LETTERS FROM FELLOW PARENTS

ROZ WEISS

Dear Parents,

If you are reading this handbook right now I can only assume you have just found out you have a child born with a disorder of sex development. I can assure you that I know exactly what you are going through, and I assure you, you are not alone!

My husband and I were living in Hong Kong when we gave birth to our child and were given the news. We felt so alone being so far away from our family and friends and only having each other for comfort while we made arrangements to fly back to the States for all the testing that needed to be done. My husband wanted to keep everything a secret and I wanted to tell the world. Since we had already named our baby girl (we did not find out until the third day that anything was wrong), my husband did not want to even consider the possibility of switching our baby’s gender assignment. He wanted the cosmetic surgery and only let our closest family members know what was going on. Because he felt so embarrassed and ashamed of our daughter’s condition, he bottled all of his emotions up inside and did not want to listen to my doubts about the surgery and my doubts that we might have made the wrong decision raising our child as a female.

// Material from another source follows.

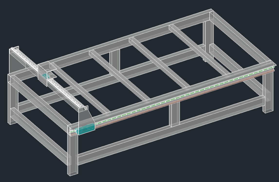 Posted some pictures below. The length of the table is 2500mm. The main structure from 50mm x 100mm 3mm steel tube. Looking at rack and pinion for the X Axis and Lead screw for the Y. No detail on hardware yet just looking at getting the overall form right. In particular how best to attach the X Axis rail and pinion rack to the main structure. Considering bolting the rail and rack onto an angle profile, then bolting onto the sides of the main structure. Comments especially welcome on this. I read on this forum welding the steel surface of the rails is a bad idea due to warping. Attaching on a plate separately would allow for a fair but of shim. Look forward to any comments/concerns/suggestions anyone has. Many thanks in advance.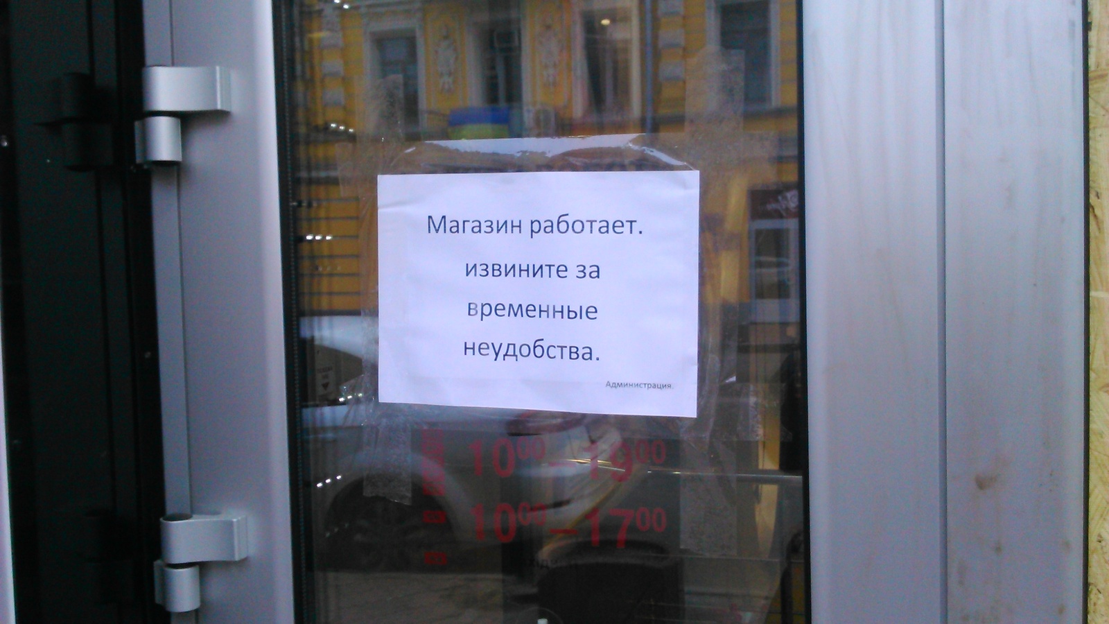 3 gorodnya Когда тебе приносят неудобства-2 9 лет назад В ответ на пост http://pikabu.ru/story/kogda_tebe_prinosyat_neudobstva_39403... [моё] Магазин Работает Неудобство

Needless to say, that first year was very trying on our relationship. For months I was terrified how my husband would react when I told him that I had decided not to allow the cosmetic surgery on our daughter’s phallus. I was so afraid of how angry he would be that I only allowed myself to tell him the morning of the surgery when it was time for me to sign the consent forms. Surprisingly, my husband handled it better than our surgeon! I did allow the doctors to remove her gonads, and I still wonder whether or not this was the right thing to do.

Our daughter is almost four years old and I am convinced more and more that my daughter will one day announce she is a boy. Because of this I am so thankful that I have not allowed the cosmetic surgery. While my husband is still in denial that my daughter appears to be more male, he nonetheless is supportive of my constant battle with our doctor’s wish to have the surgery.

What advice can I offer you based on my experience? Allow yourself to feel whatever emotion you are experiencing. Go with your gut and do not allow anyone to pressure you into doing something you do not feel is right. Allow your spouse to grieve in whatever way he or she may. It took over a year for my husband to open up and, while I wish he spent the countless hours I spend dealing with support groups and research, I am thankful that he loves our daughter and trusts me to know what is right for our daughter.

The most important piece of advice I can offer is to get involved with a support group immediately. I have learned more from my support group then I have learned from all the doctors combined. Find that support group that deals with your child’s specific condition and do not be afraid to open up with them. You will find these other parents to be your most trusted friends!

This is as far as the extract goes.